Russell believes in Baughman’s statement that it can happen to anyone. When Russell was 19, her mother died and Russell ended up living in her car for two months. She said it’s what inspired her to get involved in the homeless count.
‘It was heartbreaking’
An overall count for the night was not available Tuesday, but before the count began Russell estimated they would find 75 to 100. She also acknowledged that the count would likely not locate all of the homeless in the county. They visited places that were suggested to them by law enforcement as locations where the homeless were likely to be found, as well as searching along roadways and other random spots.
Briana Hart, one of the volunteers on Russell’s team, said the count was an eye-opening experience for her.
“It was heartbreaking to see so many people in need,” she said. “It makes you more appreciative of the little things in life.”
Several off-duty law enforcement officers volunteered for the effort. They wore plain clothes and remained near the searchers in unmarked cars so as not to frighten the homeless.
A training session was held recently and Russell was surprised when so many people showed up to volunteer. She said most of them worked at Robins Air Force Base, including military members and civilians.
Among those were Dirk Hamilton, Scott Ward and Opie Hurst. They are all former military working as civilians at Robins, and said their main interest was the locate any homeless veterans. The volunteers had a contact with the Veterans Administration that would provide immediate help to any veteran found during the search.
“We are looking out for our own,” Hurst said. “It’s important.”
Their searched along Ga. 96 and did not find any homeless, although though found some signs where homeless had been staying, Ward said.
Kenitra Burnette was on a team made up of Delta Sigma Theta Sorority members.
“We are going to be working really hard to get these people the help that they need,” she said before the search began. “Get them food, get them housing, get them off the streets and hopefully on their way to a better life.”
The search was organized by the Houston County Human Needs Coalition, an organization of churches, charitable organizations and businesses that work to help those in need in the county. Russell chairs the coalition.
Russell said Monday’s survey will help the county apply for grants and other assistance to address the homeless problem.

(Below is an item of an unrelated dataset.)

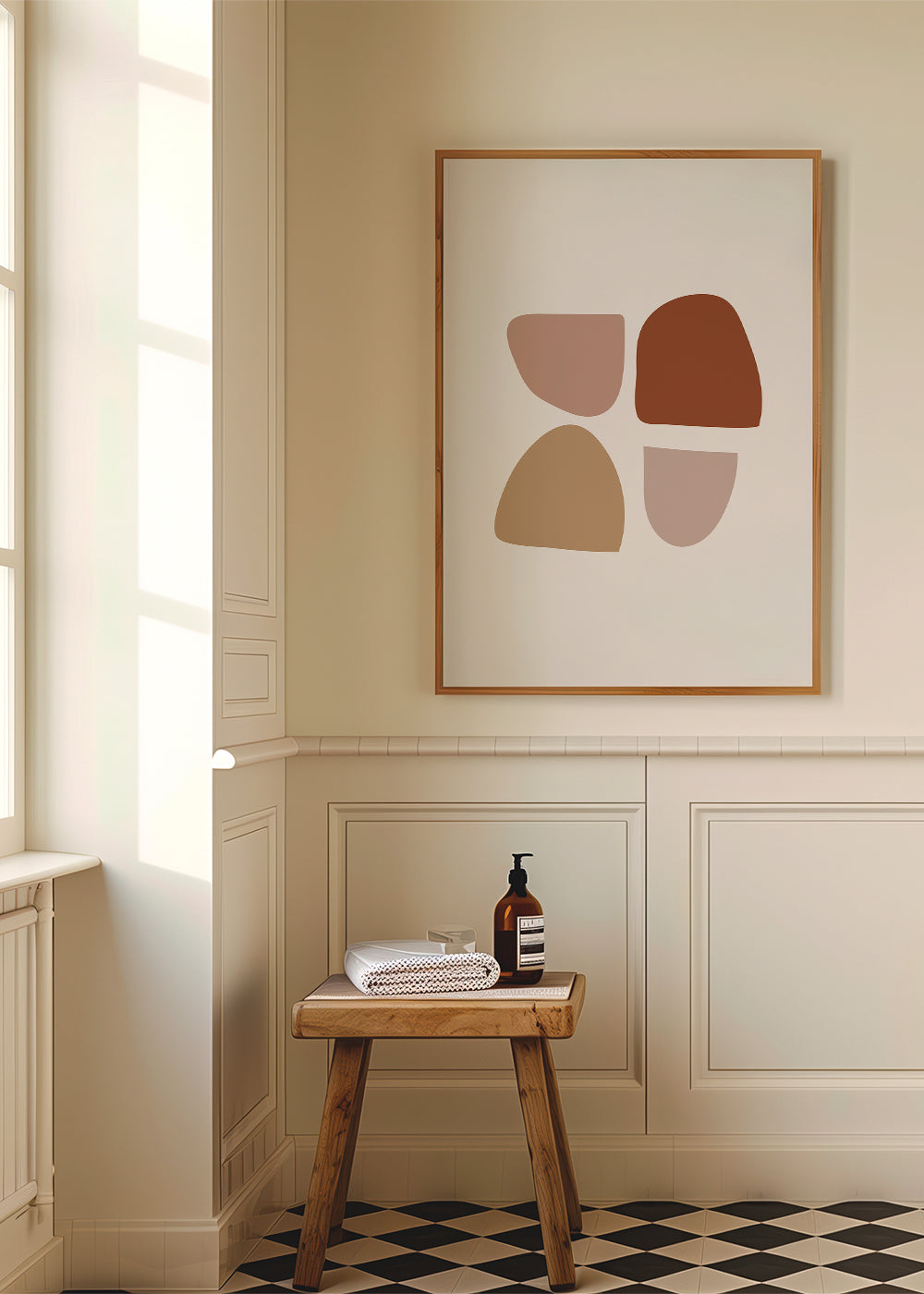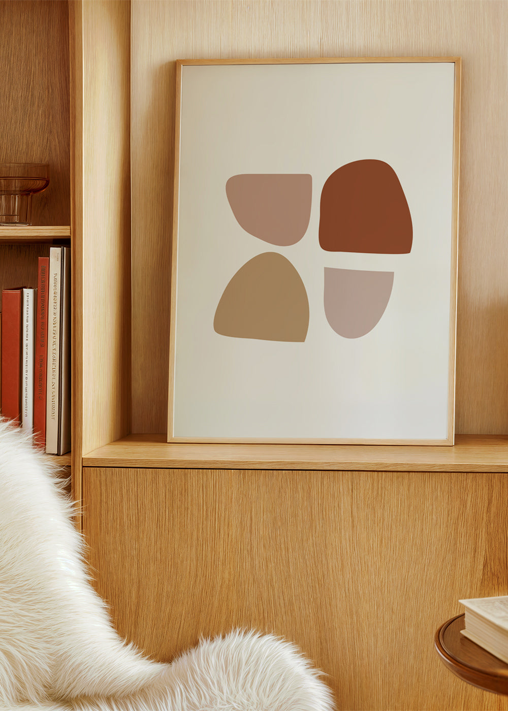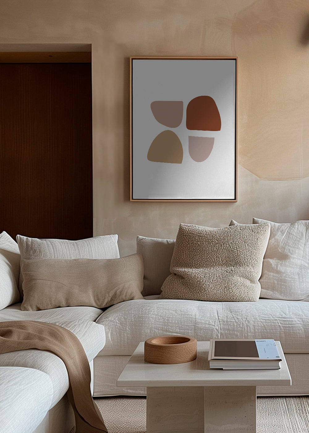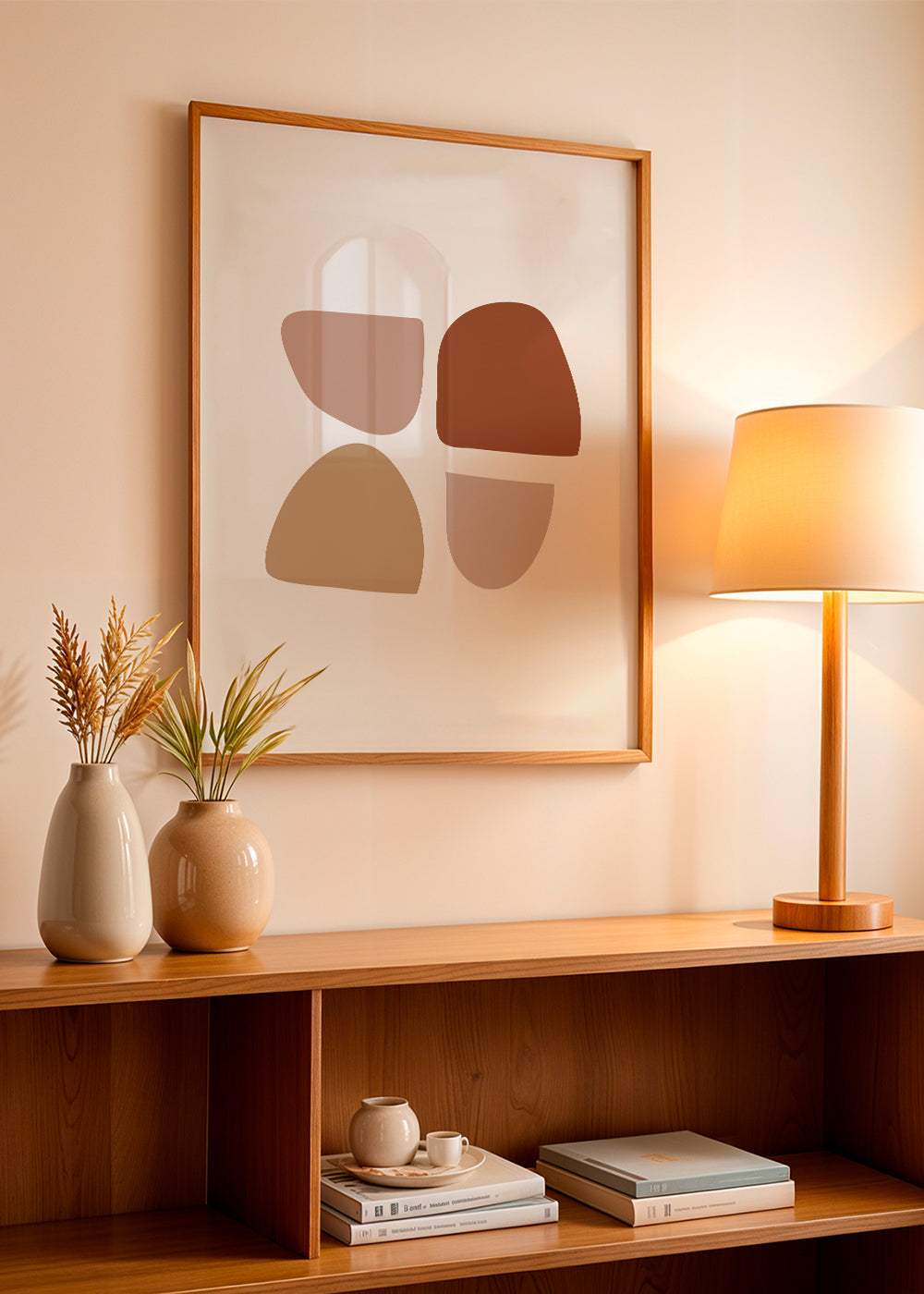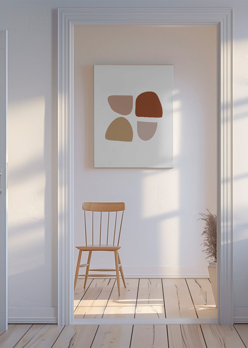 Una immagine della nostra collezione di quadri geometrici, originale di Studio Krone Kern, con sfumature dai colori marroni, e orientata in senso verticale. L'arte geometrica è uno stile raffinato per la decorazione delle pareti di casa. Una parete con dei quadri può trasformare completamente lo stile di una stanza.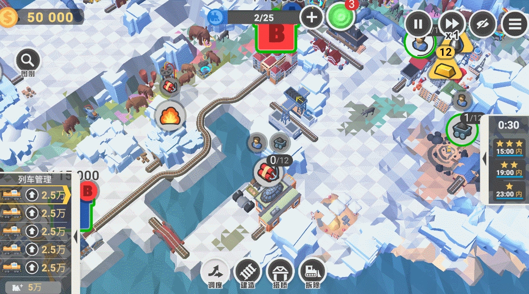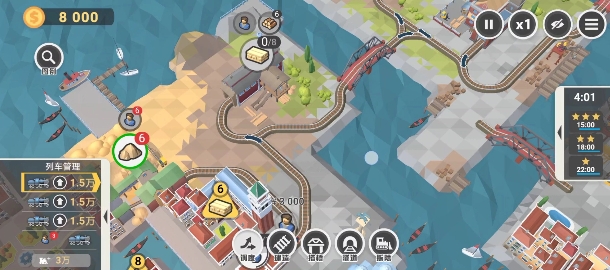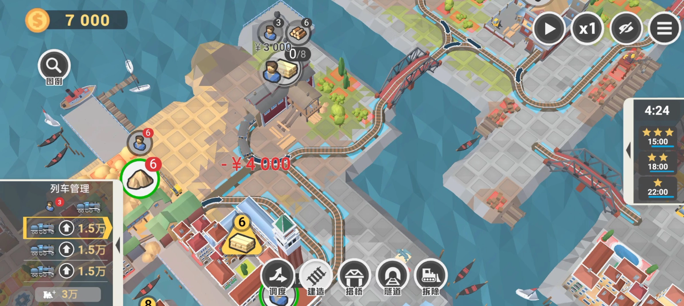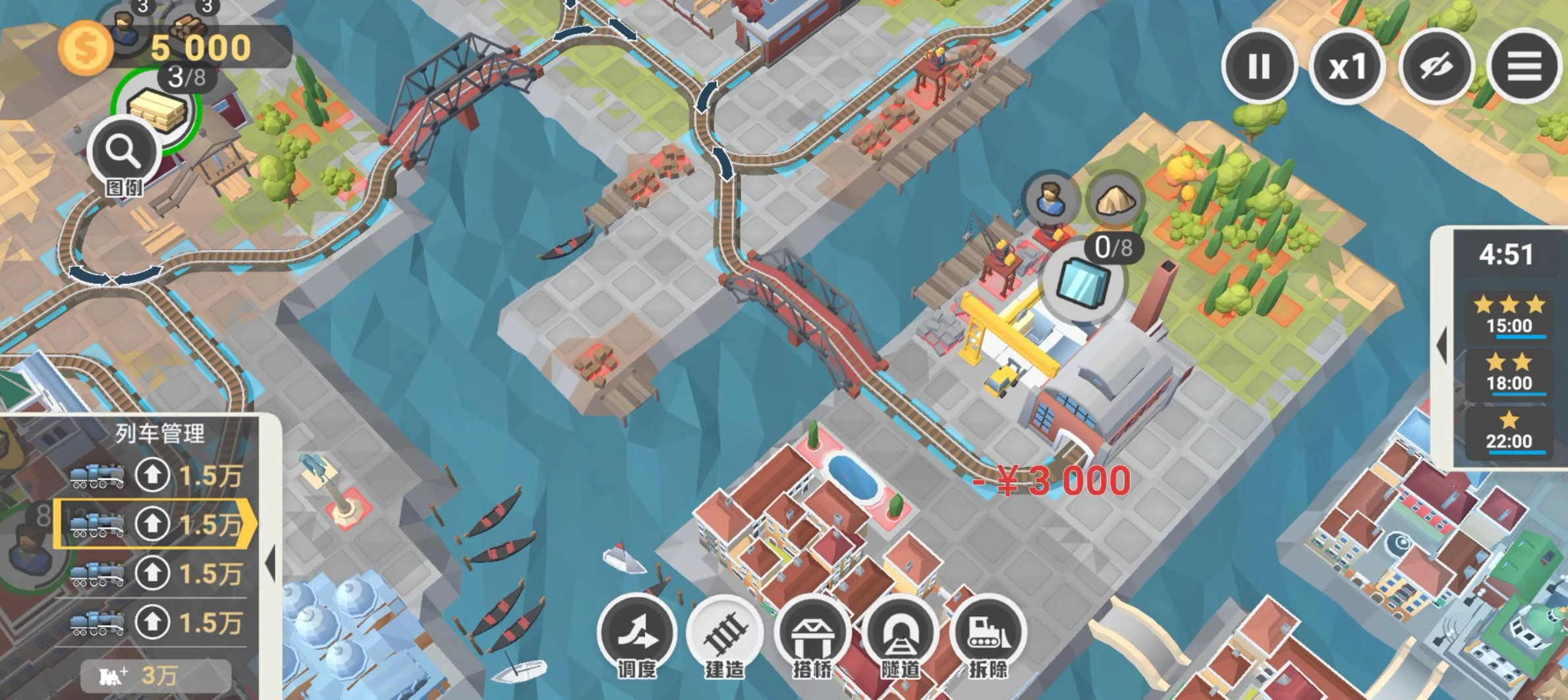 3,这一关的关键要点在于,初期阶段资金十分匮乏,优先建造哪座桥是个重要问题,这里必须先修建砂石厂左侧的那座桥,并且同时铺设好从砂石厂连接到该桥的铁路。

“We definitely have a homeless problem in Houston County and we are going to prove it,” she said.
Naomi Ladson, chairwoman of the Macon Coalition to End Homelessness, said volunteers there are working on the count all week. She said they have been doing it for many years and previously have done it in one night, but this year they are taking more time.
As a result, she expects they may locate more homeless people. They counted about 300 last year and she expects it could go significantly higher this year. She said she ordered 500 questionnaires.